* **DATA FOR ANALYSIS**:
§ §
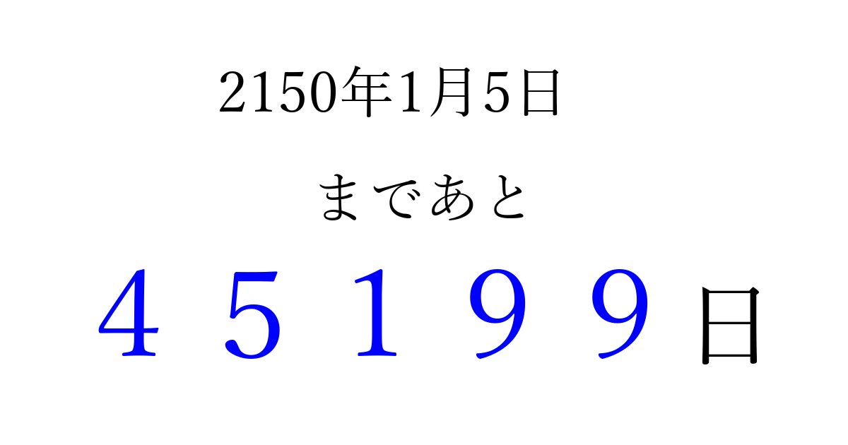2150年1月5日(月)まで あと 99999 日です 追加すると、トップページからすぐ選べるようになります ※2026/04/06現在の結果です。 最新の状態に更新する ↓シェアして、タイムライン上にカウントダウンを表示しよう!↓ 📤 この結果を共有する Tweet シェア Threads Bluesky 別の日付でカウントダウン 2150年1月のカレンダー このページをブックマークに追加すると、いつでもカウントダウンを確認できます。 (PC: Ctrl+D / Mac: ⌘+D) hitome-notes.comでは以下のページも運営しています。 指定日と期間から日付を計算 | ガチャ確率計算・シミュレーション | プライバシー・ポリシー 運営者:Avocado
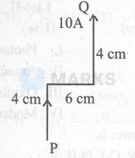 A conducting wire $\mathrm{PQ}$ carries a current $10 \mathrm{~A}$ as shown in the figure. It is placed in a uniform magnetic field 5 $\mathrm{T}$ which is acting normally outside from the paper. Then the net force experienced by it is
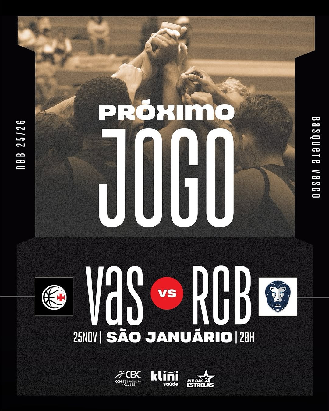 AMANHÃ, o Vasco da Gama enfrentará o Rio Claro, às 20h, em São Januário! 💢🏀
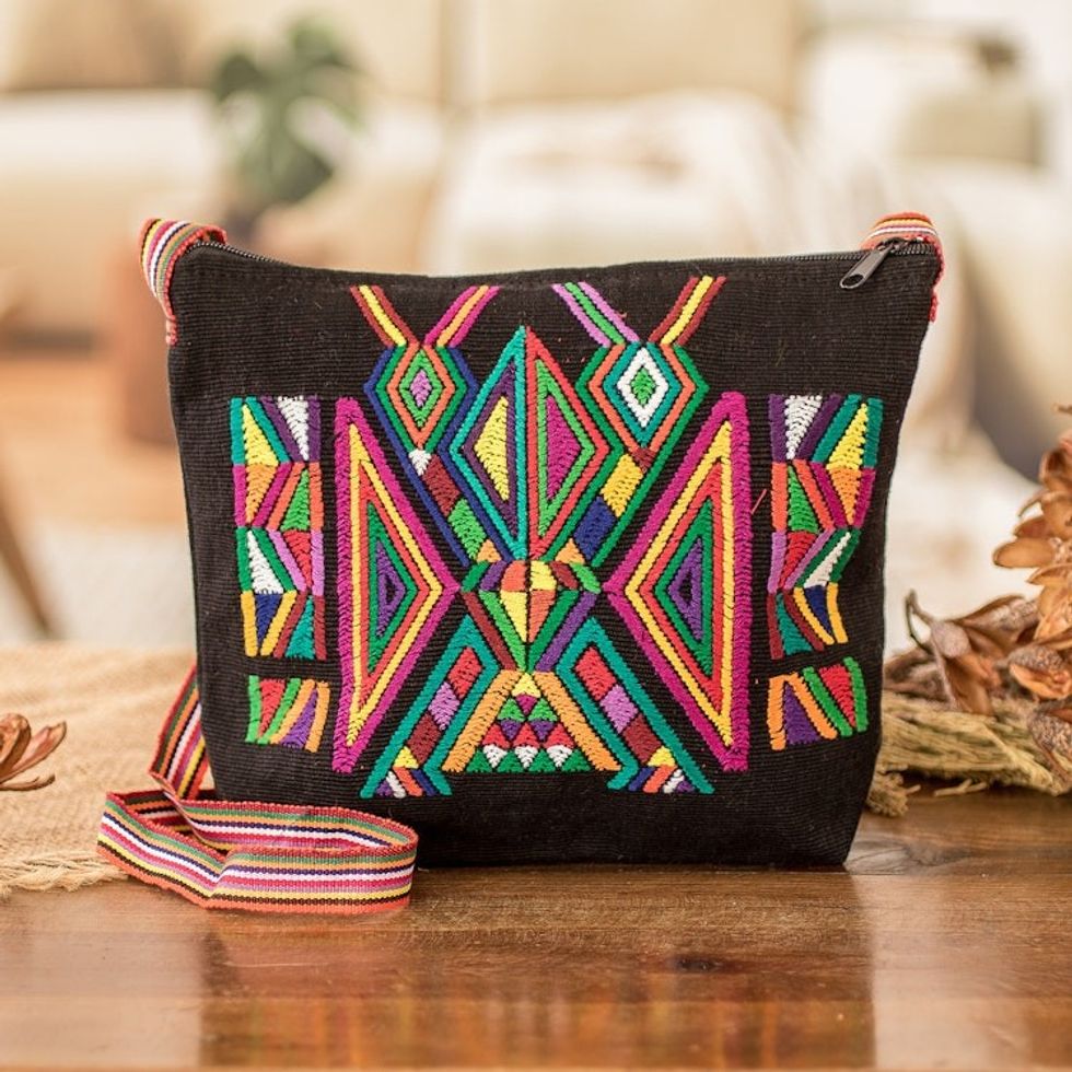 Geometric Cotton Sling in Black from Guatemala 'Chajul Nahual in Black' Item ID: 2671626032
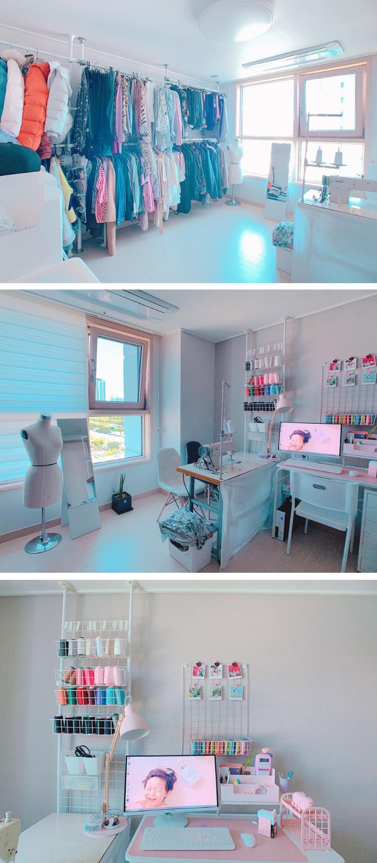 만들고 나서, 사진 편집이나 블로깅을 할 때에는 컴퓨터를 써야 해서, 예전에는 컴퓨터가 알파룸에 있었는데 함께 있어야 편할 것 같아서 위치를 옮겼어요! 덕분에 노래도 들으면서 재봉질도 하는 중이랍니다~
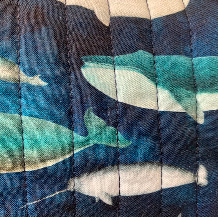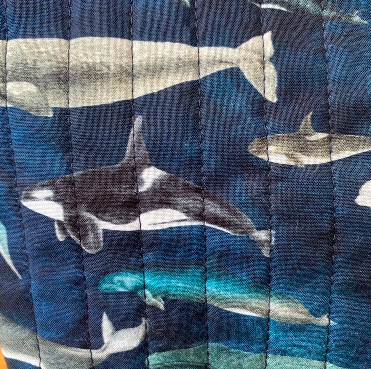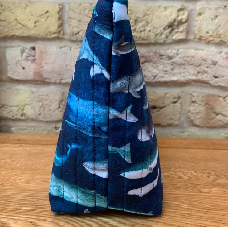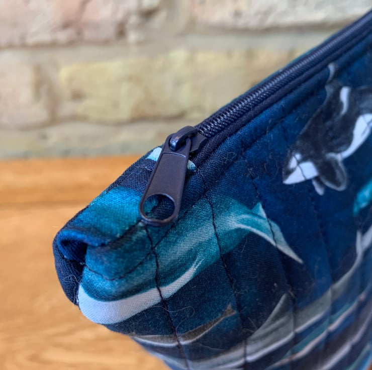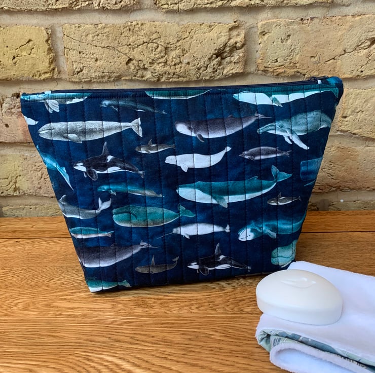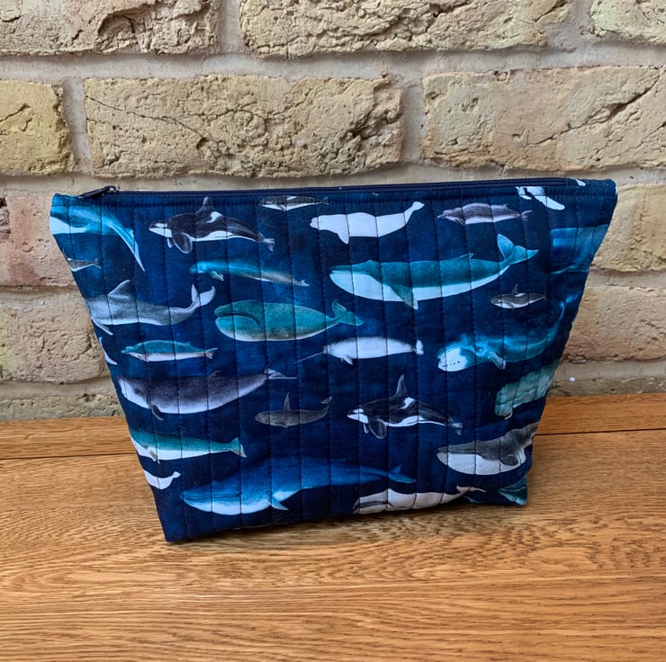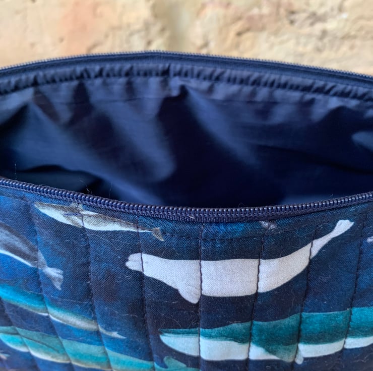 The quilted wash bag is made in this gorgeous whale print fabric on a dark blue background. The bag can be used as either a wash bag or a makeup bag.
§ §
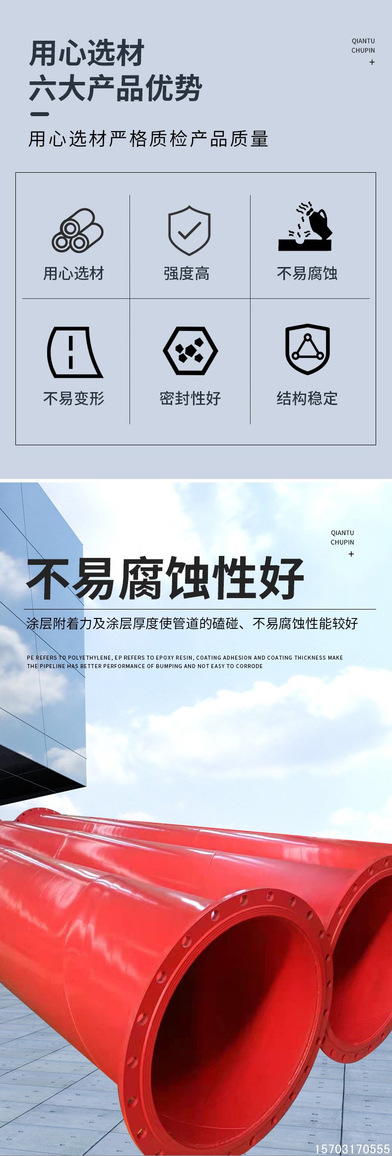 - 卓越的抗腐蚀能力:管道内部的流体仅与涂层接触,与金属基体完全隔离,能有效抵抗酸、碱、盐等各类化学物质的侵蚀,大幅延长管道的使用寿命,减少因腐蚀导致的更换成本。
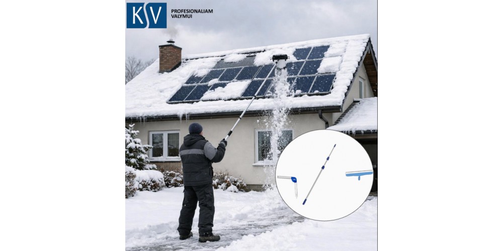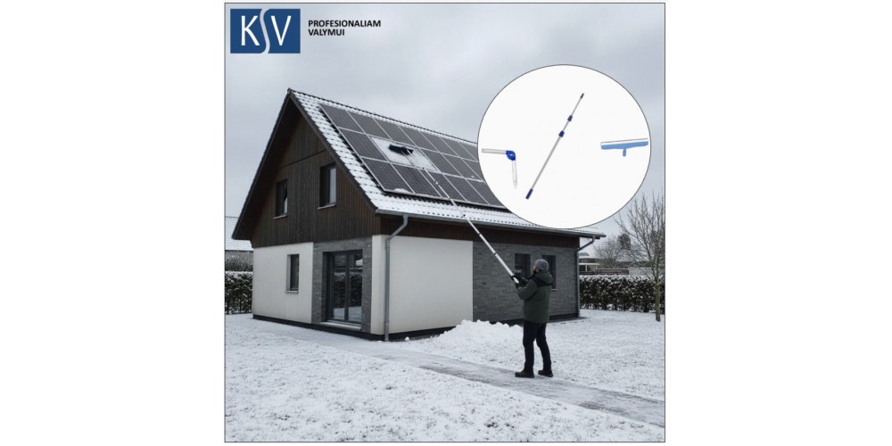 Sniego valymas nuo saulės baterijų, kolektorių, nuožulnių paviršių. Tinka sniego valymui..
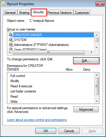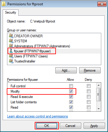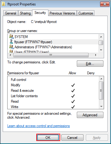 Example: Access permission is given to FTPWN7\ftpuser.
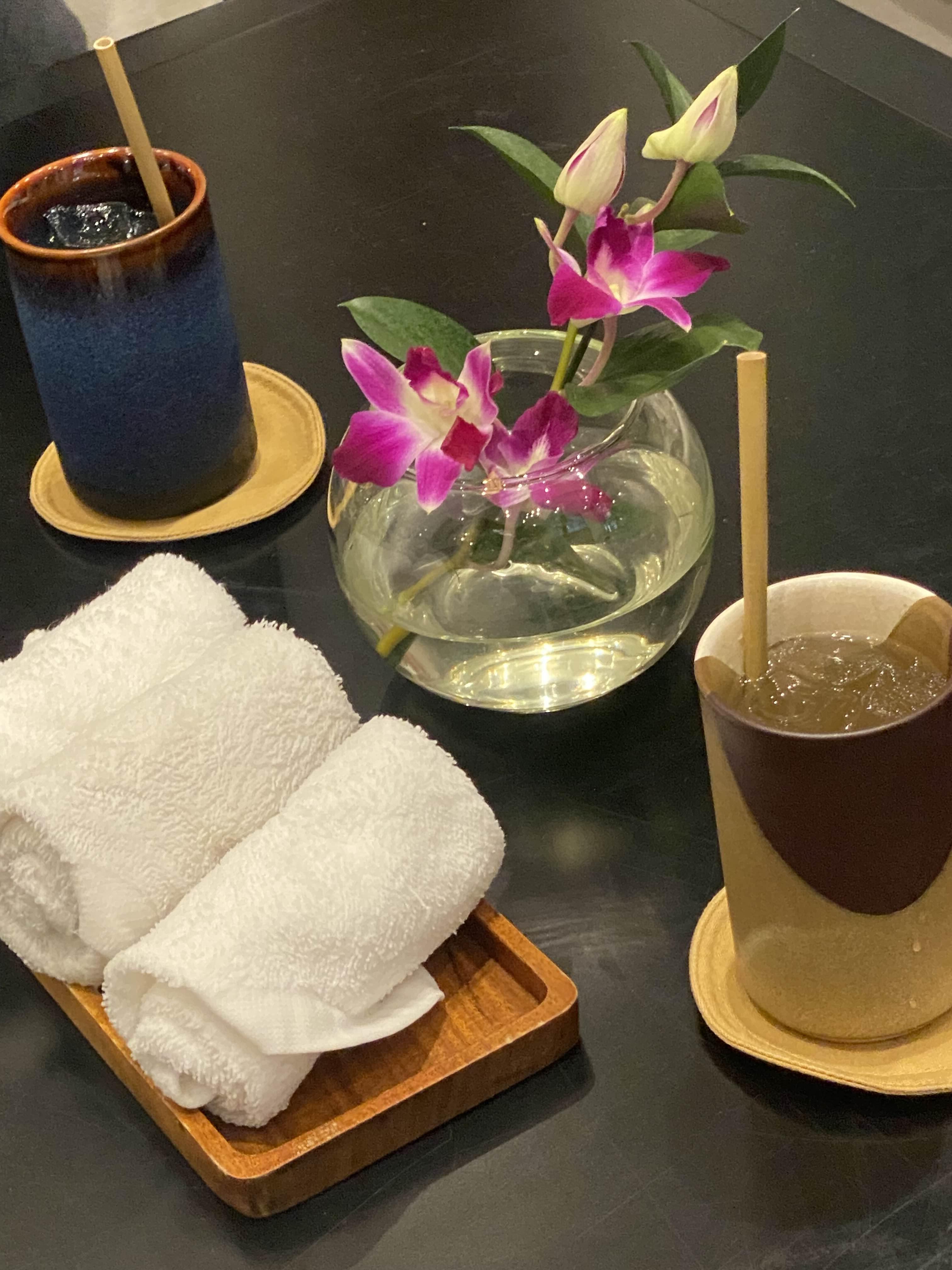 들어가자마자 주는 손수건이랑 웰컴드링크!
§ §
* **TASK BRIEF**:
In the entries above, which lines run from the one with "AMANHÃ, o Vasco" up to and including the one with "The quilted wash"? Write them out exactly, without the pictures.

* **ANSWER SECTION**:
 AMANHÃ, o Vasco da Gama enfrentará o Rio Claro, às 20h, em São Januário! 💢🏀
 Geometric Cotton Sling in Black from Guatemala 'Chajul Nahual in Black' Item ID: 2671626032
 만들고 나서, 사진 편집이나 블로깅을 할 때에는 컴퓨터를 써야 해서, 예전에는 컴퓨터가 알파룸에 있었는데 함께 있어야 편할 것 같아서 위치를 옮겼어요! 덕분에 노래도 들으면서 재봉질도 하는 중이랍니다~
 The quilted wash bag is made in this gorgeous whale print fabric on a dark blue background. The bag can be used as either a wash bag or a makeup bag.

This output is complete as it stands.